The Rockies signed Casey Blake as a veteran insurance plan at third base, but Blake's release earlier this week indicates that Colorado will go ahead with (at least) one of their young players at the hot corner.  It just won't be the young player that fans have their eye on, however; top prospect Nolan Arenado will begin the season in the minors.

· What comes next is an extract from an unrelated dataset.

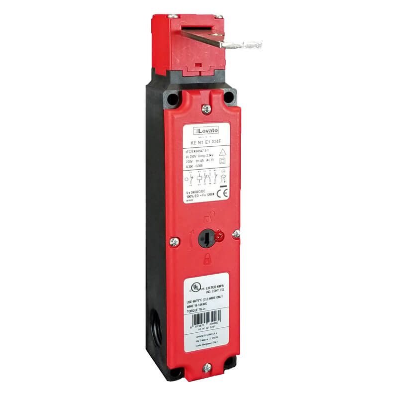 Les interrupteurs de sécurité avec solénoïde évitent l'accès dans les zones dangereuses jusqu'à la réception d'un signal approprié: la clé de l'actionneur peut être verrouillée ou libérée via un solénoïde en fonction de son état d'alimentation (actionneur verrouillé avec solénoïde sous tension pour MSL-KEN1E1024F / actionneur verrouillé avec hors tension solénoïde pour MSL-KEN1M1024F). Les contacts sont actionnés séparément par actionneur à clé ou par solénoïde et permettent de couvrir les principaux besoins communs des installations.

Arenado had a difficult Spring Training and doesn't turn 21 until mid-April, so the Rockies are content to give him more minor league seasoning while they make do at third until he's ready.  That time could be sooner rather than later if Colorado is in a pennant race and Arenado is hitting well at mid-season.

But, we're getting ahead of ourselves.  Arenado getting called up in August won't help your fantasy team right now, so let's explore the Rockies' options at third base.

The Favorites

* Chris Nelson.  Taken ninth overall in 2004, Nelson didn't reach the big leagues until his seventh pro season, and he has a mediocre .254/.284/.376 line in 216 career plate appearances. He was originally drafted as a shortstop but, since Troy Tulowitzki is blocking the way in the majors, Nelson has played second and third base over the last two seasons. 

Despite this underwhelming resume, Nelson could prove to be more than just a seat-warmer for Arenado.  Nelson is just 26 and, though it's easy for stats to be inflated in the hitter-friendly Pacific Coast League, he has an .889 OPS over the last two seasons at Triple-A Colorado Springs. If Nelson can hit, however, the job should be his more or less for the rest of the season. 

* Jordan Pacheco. The 26-year-old began his minor league career playing all around the infield but has spent the last four years primarily as a catcher. Pacheco played five games at third base last year in Triple-A and has been further learning the position this spring. While his defense is still a work in progress, Pacheco's bat has been on fire this spring, posting a 1.060 OPS in (small sample size alert!) 50 plate appearances.

Pacheco's versatility will probably give him a roster spot but his only chance at consistent playing time is at third.  It's hard to see him getting that time, though, since Nelson is the better defender and has a better minor league track record at the plate. It seems like Pacheco will only get a crack at a starting gig if someone else falters, be it Nelson or...

* Brandon Wood.  It wasn't long ago that Wood was considered to be one of baseball's up-and-coming young stars.  Ranked as the third-best prospect in the game by Baseball America before the 2006 season (and ranked eighth and 16th, respectively, over the next two years, as well), Wood was supposed to be a fixture at third or short for the Angels by this time in his career, but he simply hasn't hit at the Major League level. In 751 plate appearances, Wood has the batting stats of a pitcher --- a .186/.225/.289 slash line and a strikeout-to-walk rate of nearly 7:1.  The Angels gave up on Wood last season, and after being claimed off waivers by the Pirates, they outrighted him off their 40-man roster in October.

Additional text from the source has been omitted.